Items from a dataset
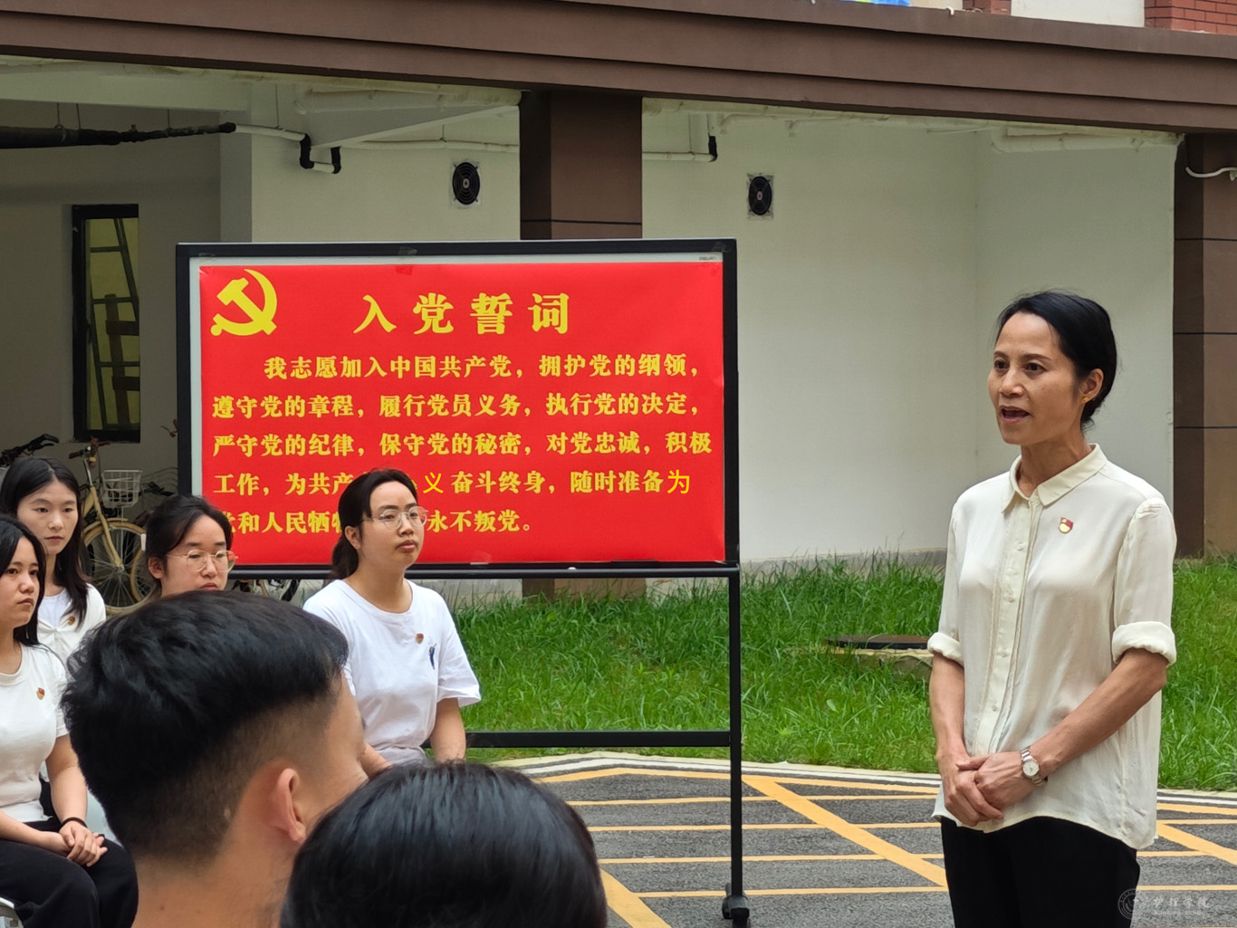 活动中,公司党委副书记兼纪委书记何为带领新发展党员面向党旗庄严宣誓,以铿锵有力的宣誓声表达了对党的无限忠诚和为共产主义事业奋斗终身的坚定决心。随后,党委员工工作部(员工处、武装部)嘉宾及公司教师党员代表为新发展党员佩戴了党员徽章,新发展教师党员代表袁明、员工党员代表朱月成分别作了表态发言。公司党委书记杨英对新发展党员表示了衷心的祝贺,她指出,全体新发展党员要坚定理想信念,在攻坚克难中磨砺专业本领,在深学细悟中增长知识才干,做一名在学习和工作中充分发挥先锋模范作用的合格党员,在实现第二个百年奋斗目标的历史伟业中贡献自己的智慧和力量。
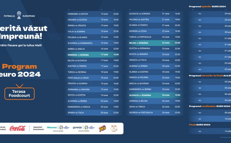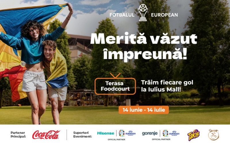 Iar pentru a te convinge că „merită văzut împreună”, accesează filmulețul postat de Iulius Mall! Fii pregătit pentru o atmosferă plină de emoții și vino să îți susții echipa preferată la Euro 2024! Partenerul principal al evenimentului este: Coca Cola, iar sponsorii evenimentului sunt Takis, Hisense, Gorenje si Sweet Caffe.
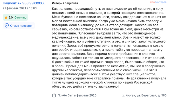 Во многих отзывах подчеркивается главное: «Спасение» — это именно медицинское учреждение, а не закрытый «реабилитационный дом».
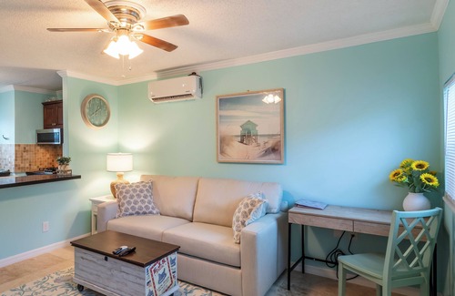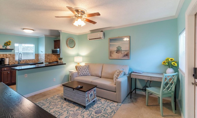 This cozy detached cottage is completely private, separated from the main house by a fence, with its own driveway, garden, and backyard. Relax in the Florida sunshine on two comfortable sun loungers, or fire up the charcoal grill for a laid-back cookout.
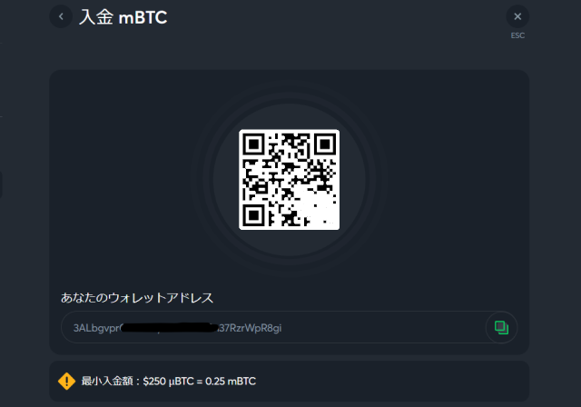そして下記は2回目にビットコインの入金を行おうとした際のウォレットアドレスです。
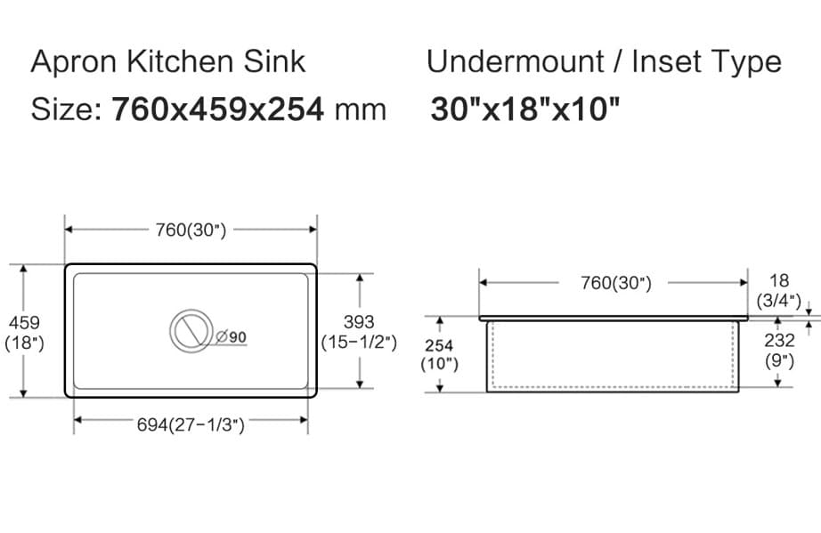 - 1 × Procida Fireclay Sink (LK-S-PFC760)
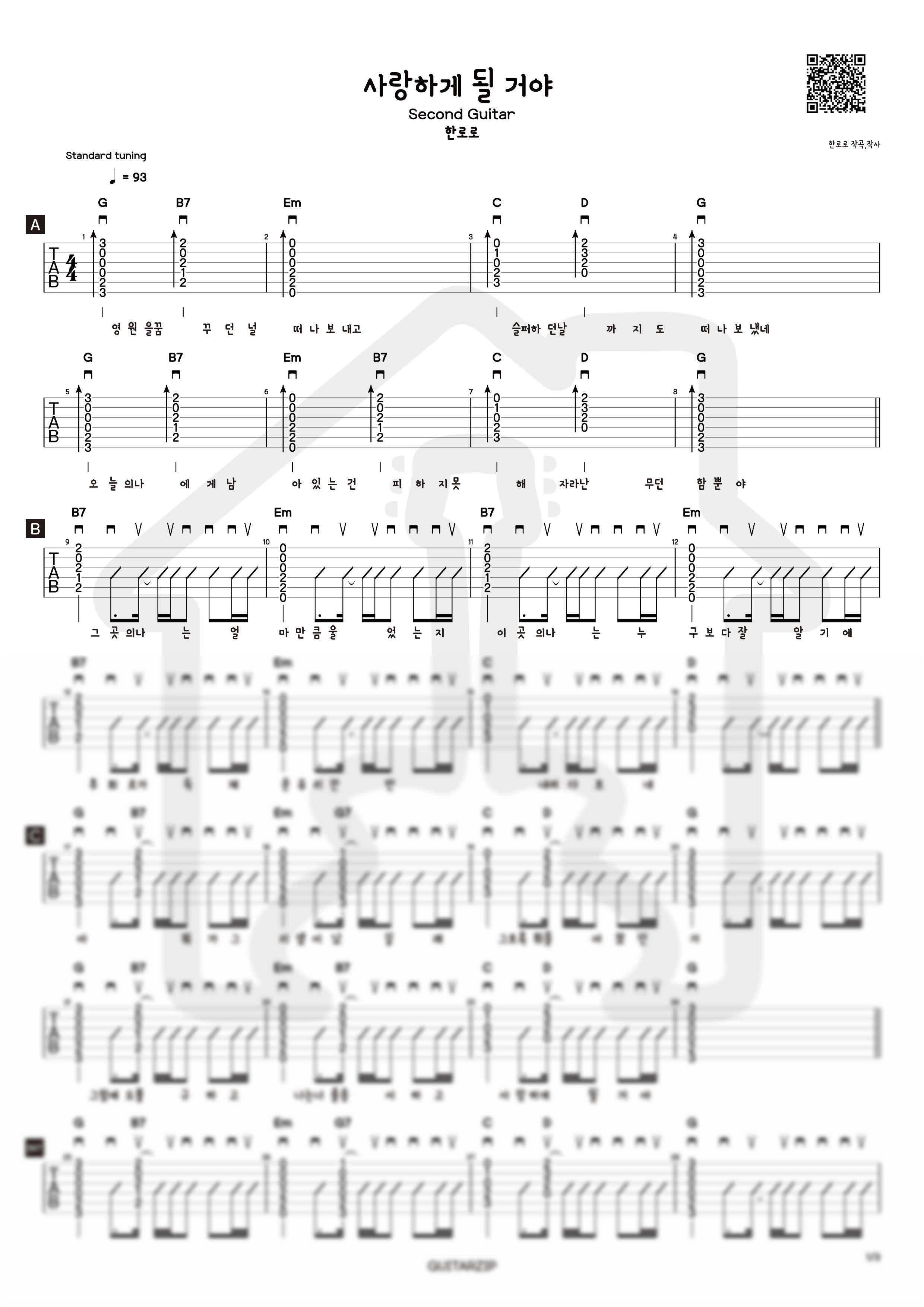 사랑하게 될 거야 - 한로로 (Second ver.) TAB악보

WHAT IS NEEDED: Type the lines above out again exactly as they appear, skipping every picture.

WRITTEN ANSWER:
 活动中,公司党委副书记兼纪委书记何为带领新发展党员面向党旗庄严宣誓,以铿锵有力的宣誓声表达了对党的无限忠诚和为共产主义事业奋斗终身的坚定决心。随后,党委员工工作部(员工处、武装部)嘉宾及公司教师党员代表为新发展党员佩戴了党员徽章,新发展教师党员代表袁明、员工党员代表朱月成分别作了表态发言。公司党委书记杨英对新发展党员表示了衷心的祝贺,她指出,全体新发展党员要坚定理想信念,在攻坚克难中磨砺专业本领,在深学细悟中增长知识才干,做一名在学习和工作中充分发挥先锋模范作用的合格党员,在实现第二个百年奋斗目标的历史伟业中贡献自己的智慧和力量。
 Iar pentru a te convinge că „merită văzut împreună”, accesează filmulețul postat de Iulius Mall! Fii pregătit pentru o atmosferă plină de emoții și vino să îți susții echipa preferată la Euro 2024! Partenerul principal al evenimentului este: Coca Cola, iar sponsorii evenimentului sunt Takis, Hisense, Gorenje si Sweet Caffe.
 Во многих отзывах подчеркивается главное: «Спасение» — это именно медицинское учреждение, а не закрытый «реабилитационный дом».
 This cozy detached cottage is completely private, separated from the main house by a fence, with its own driveway, garden, and backyard. Relax in the Florida sunshine on two comfortable sun loungers, or fire up the charcoal grill for a laid-back cookout.
そして下記は2回目にビットコインの入金を行おうとした際のウォレットアドレスです。
 - 1 × Procida Fireclay Sink (LK-S-PFC760)
 사랑하게 될 거야 - 한로로 (Second ver.) TAB악보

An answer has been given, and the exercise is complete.